Teaching Iris to Remember Properly

The memory tool was one of Iris's earliest features. "Remember that I prefer Apple over Orange." One fact, one database row, done. Simple. Too simple.

The problem with one-at-a-time

Users don't think in single facts. They dump a paragraph: "Remember that I'm allergic to shellfish, I prefer window seats, my anniversary is March 14th, and I hate sweet burger." The old tool would store the first item and ignore the rest, or the model would make four separate tool calls, burning tokens and time on what should be a single operation. In fact, end up not storing at least one of them.
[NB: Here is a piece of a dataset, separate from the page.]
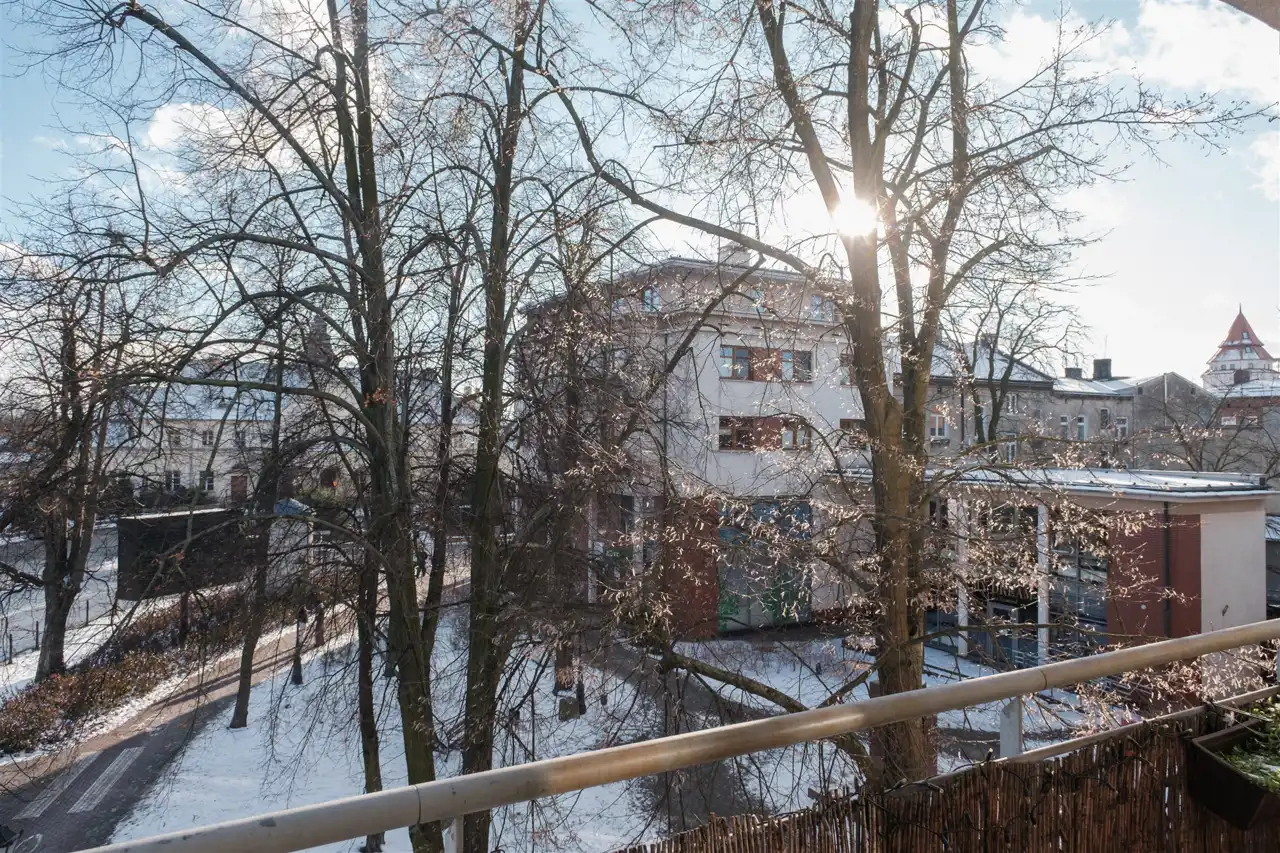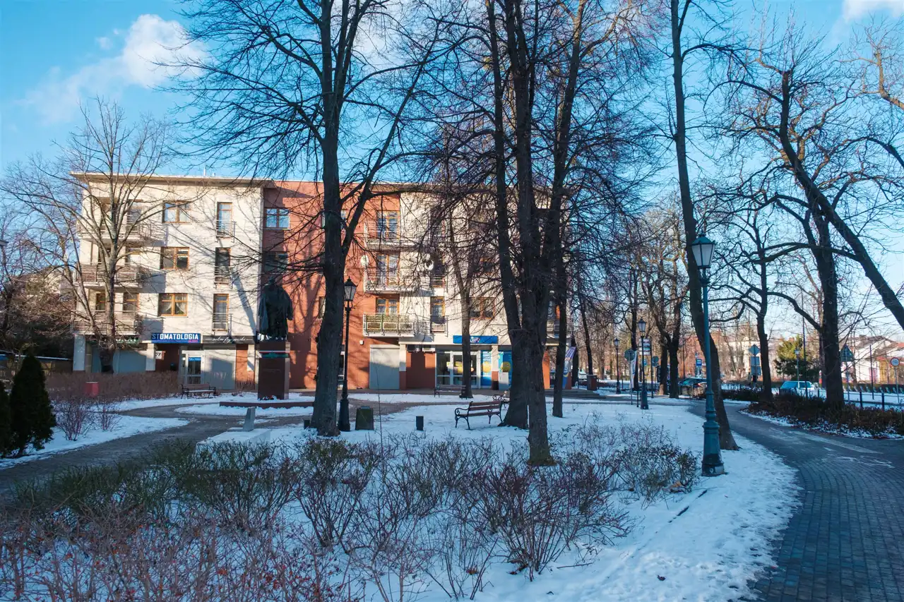 Jednym z głównych atutów lokalu jest lokalizacja. Odległość do dworca PKP w Żyrardowie wynosi około 100 metrów, a dojazd pociągiem do centrum Warszawy zajmuje około 25 minut. Mimo położenia przy ulicy, widok z okien skierowany jest na zieloną, parkową część, co zapewnia poczucie przestrzeni i spokoju. W najbliższym otoczeniu znajdują się sklepy, targowisko oraz pełna infrastruktura miejska. Dostępne jest parkowanie na okolicznych ulicach, a dodatkowo istnieje możliwość wynajmu miejsca postojowego w garażu podziemnym.

Worse, there was no deduplication. Say "remember I like dark roast" twice and you'd get two identical rows. The memory table was accumulating noise.

Batch storage

The StoreMemory tool now accepts an array. Up to 25 items in one call. The model extracts multiple facts from a single message, bundles them into the memories array, and fires once. One tool call, multiple rows. The schema change was the easy part:

memories: [
  { content: "allergic to shellfish", type: "fact", category: "health" },
  { content: "prefers window seats", type: "preference", category: "travel" },
  { content: "anniversary is March 14th", type: "fact", category: "personal" },
]

If a model sends the old single-item format with content at the top level, the normaliser wraps it into an array of one. Nothing breaks.

Deduplication

Before persisting each item, the tool checks for an exact case-insensitive match against existing memories. Duplicates get skipped, not rejected. The response tells the model exactly what happened: MEMORY_STORED count=2 skipped=1 failed=0. The presentation layer turns that into "Got it, 2 memories saved. 1 duplicate skipped." Clean feedback, no ambiguity.
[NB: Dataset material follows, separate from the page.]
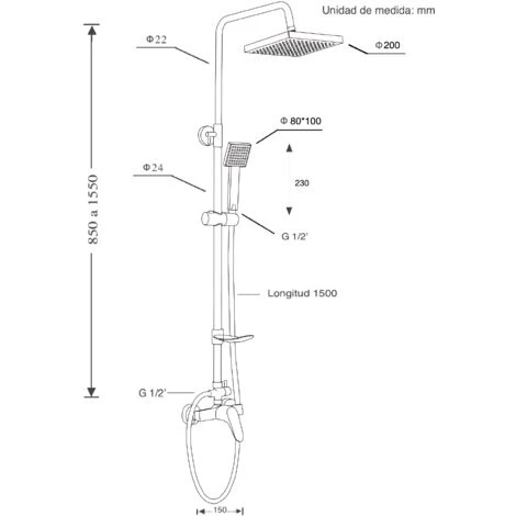 ¡AHORA EXTENSIBLE (85 cm a 125 cm)! No recomendable para instalación en bañeras.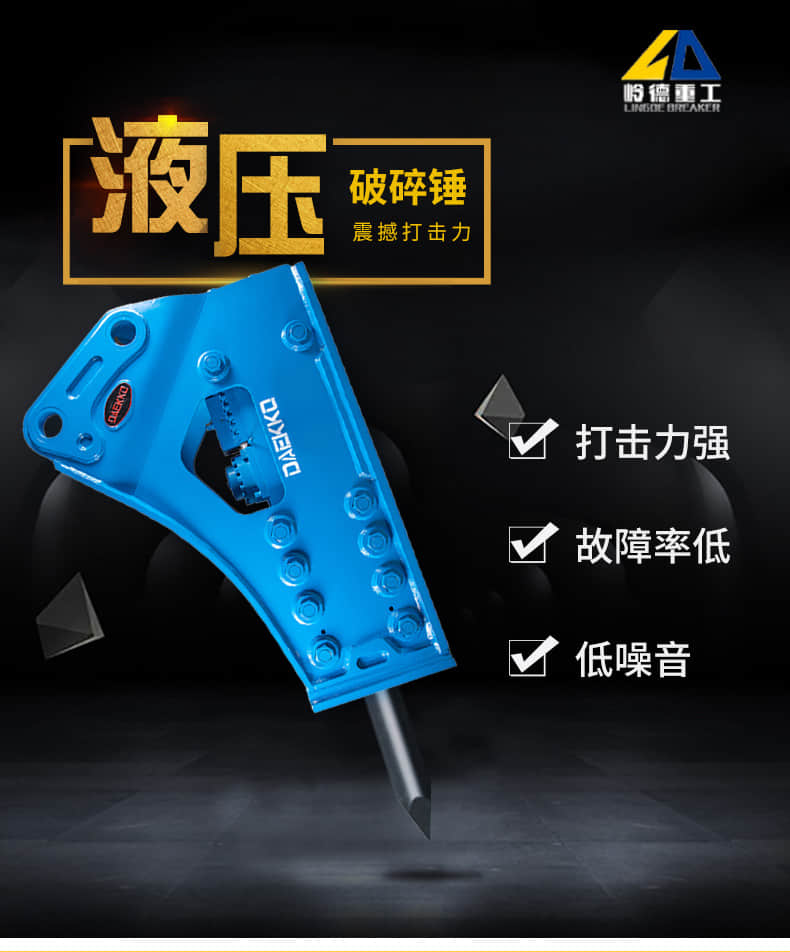 液壓破碎錘簡稱\\\\\\\\\\\\\\\"破碎錘\\\\\\\\\\\\\\\"或\\\\\\\\\\\\\\\"破碎器\\\\\\\\\\\\\\\",液壓破碎錘的動力來源是挖掘機、裝載機或泵站提供的壓力,它能在工程施工中能更有效的破碎石塊和巖石,提高工作效率。選用液壓破碎錘的原則是根據(jù)挖掘機型號、作業(yè)的環(huán)境來選擇適合的液壓破碎錘。

Smarter shortcut detection

The direct handler (the fast path that bypasses the LLM entirely for simple "remember that X" messages) got sharper. It now catches more trigger phrases: "remember my", "remember I", "save this as memory". But it also knows when to step aside. If the message contains "store these", "break them down", "all of", or similar multi-fact signals, it falls through to the LLM so the model can properly extract and batch the individual facts.

Intent routing

The ToolIntentDecisionService now has dedicated memory signals. Phrases like "remember that", "save to memory", "what do you remember about me" get classified with a memory_action intent and routed to the right tool. store_memory for writes, list_memories for reads. Previously, memory-related messages were relying entirely on the model's tool selection. Now the routing layer gives a strong hint before the model even sees the message.

Structured responses

Every memory operation returns a machine-readable string. MEMORY_STORED count=3 skipped=0 failed=0. MEMORY_STORE_FAILED reason="All items failed to persist.". The presentation layer parses these into human-friendly messages. This is the same pattern used for reminders, calendar events, and emails. Consistent contract, consistent UX.

What changed in practice

Before: "Remember these five things about me" resulted in one memory stored and four lost, or five slow sequential tool calls. After: one tool call, five rows, duplicates caught, clear confirmation. The memory system went from a notepad to a proper intake pipeline.

Next step is fuzzy deduplication. "I prefer spicy chicken" and "I hot chicken wings" are the same memory. Exact string matching catches the obvious duplicates, but semantic similarity would catch the rest. That's a retrieval problem, and the skill graph's hybrid scoring might have something to teach here.